■ **PROMPT**: Your job is to give again, exactly and with no additions, the lines in the records below from the one with "Organic cotton snapback." through the one with "开幕式后,与会领导为获得20", both included. Omit the pictures.

■ **RECORDS TO PROCESS**:
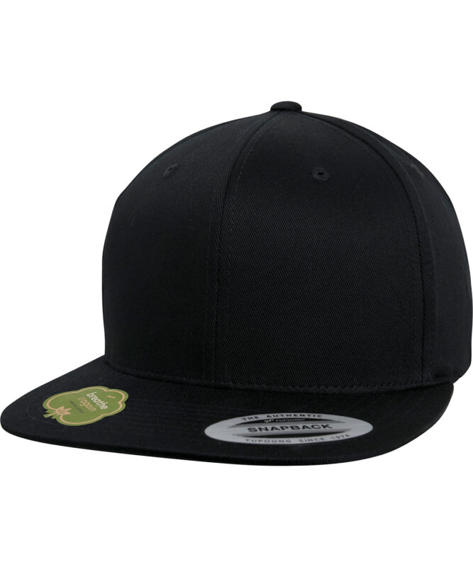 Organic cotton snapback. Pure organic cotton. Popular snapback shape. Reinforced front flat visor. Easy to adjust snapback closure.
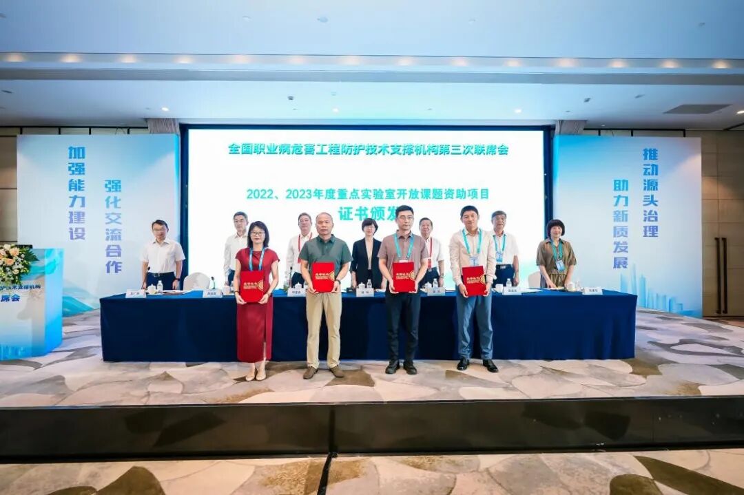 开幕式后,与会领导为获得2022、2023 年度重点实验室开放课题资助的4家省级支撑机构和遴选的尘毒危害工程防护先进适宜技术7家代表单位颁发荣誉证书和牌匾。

...

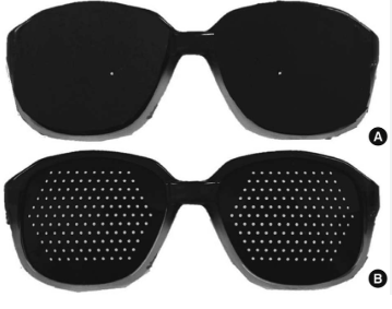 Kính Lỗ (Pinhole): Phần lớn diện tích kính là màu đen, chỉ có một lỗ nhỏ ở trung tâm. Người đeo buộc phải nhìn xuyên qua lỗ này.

■ **THE COMPLETED TASK**:
 Organic cotton snapback. Pure organic cotton. Popular snapback shape. Reinforced front flat visor. Easy to adjust snapback closure.
 开幕式后,与会领导为获得2022、2023 年度重点实验室开放课题资助的4家省级支撑机构和遴选的尘毒危害工程防护先进适宜技术7家代表单位颁发荣誉证书和牌匾。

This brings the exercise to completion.